I have no independent evidence (as a former fan, I don't need any), but neither the species nor the training tables have evolved to account for the difference ? chemistry, however, has. I suspect that foreign substances account for both the size and nasty, taunting edge on today's players. In the NFL, a catch over the middle may earn you a racist spit in the face; in baseball, a player hits a single and chats-up the first baseman ? certainly nothing more inflammatory than the needling classic "how's your wife and my kids?"
Finally, I've concluded that it's not worth patronizing a game that costs even its best competitors their futures. Granted, this is not dog fighting, where the combatants have no chance to consent or decline to participate (what brought that comparison to mind?). But not-a-game goes by without a cart-off injury, and the debilitations of brain injuries born of chronic whackings are tragic to behold, years later. Have you seen recent footage of Earl Campbell? The Tyler Rose can barely rise from his wheelchair; his speech is often unintelligible. There is a gladiatorial aspect to these contests that obscures the competition: "Am I not entertained?" No, I'm not.

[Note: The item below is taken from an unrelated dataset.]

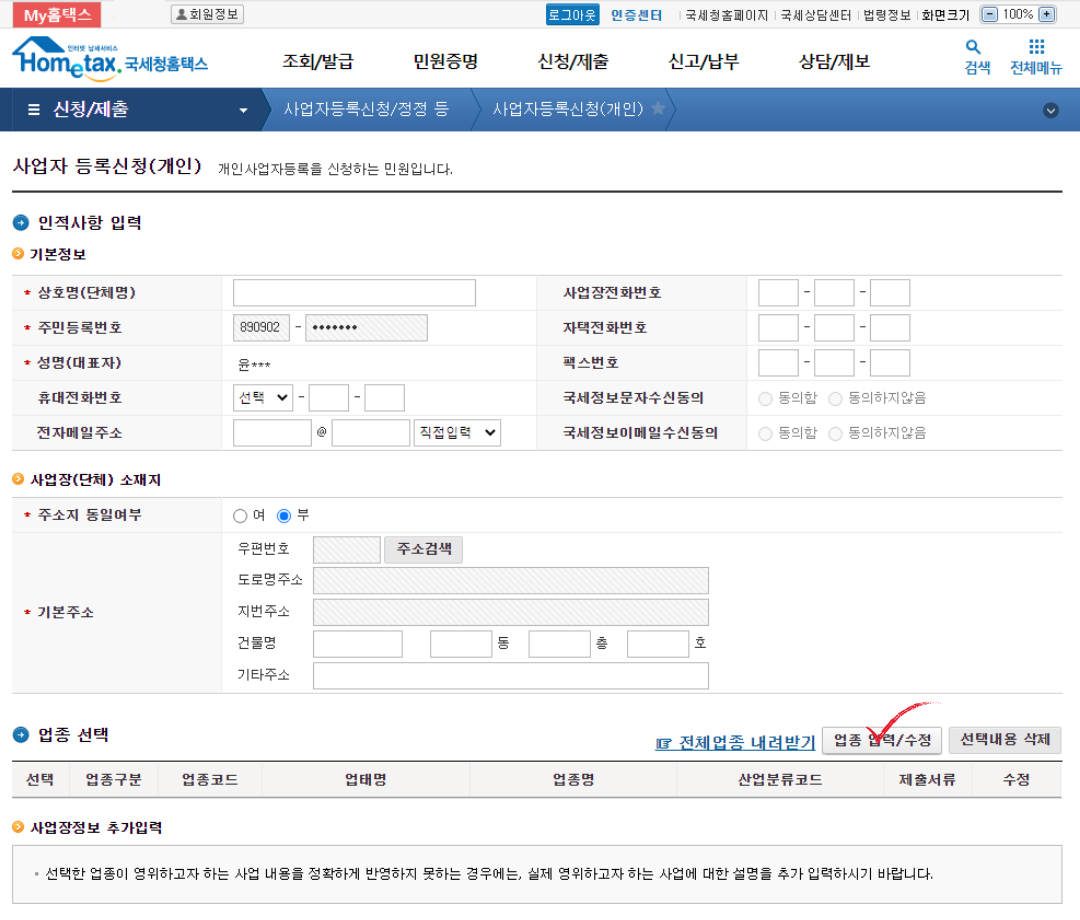 가장 얘먹을것이 "사업장 주소", "업종 선택"일 것이다.

So, the current bluster-ruckus over "locker room culture" may be confirming, but it does not lie at the heart of my disinterest. For the record, workplace discrimination in the form of harassment has been illegal since 1964. While the sex-based variant has gotten most of the ink, if harassment is based on some protected characteristic (race, color, sex, religion, national origin), is unwelcome, and sufficiently "severe and pervasive" to alter its object's terms and conditions of employment, then it's illegal. If there's evidence that management ordered or even condoned those actions, then the employer is liable for maintaining or allowing a hostile work environment. Expensively so.
Boys-are-boys, and rough traditional workplace 'culture' are not defenses ? the law stands for the proposition that bullying behaviors that target certain status factors, and that make a person's job differentially, importantly more difficult to do, need not be tolerated. It's true in shipyards, steel mills, truck terminals and law firms ? all of which have had to conform their 'cultures' to the law. That's not 'wussification,' as has been charged by at least one troglodyte on sports talk radio ? think of it as leveling the playing field.
The NFL is no different. The investigation proceeds, but for the reasons above, I am mostly indifferent to the outcome. Along with the Eagles (LA variety), I'm already gone. How about you?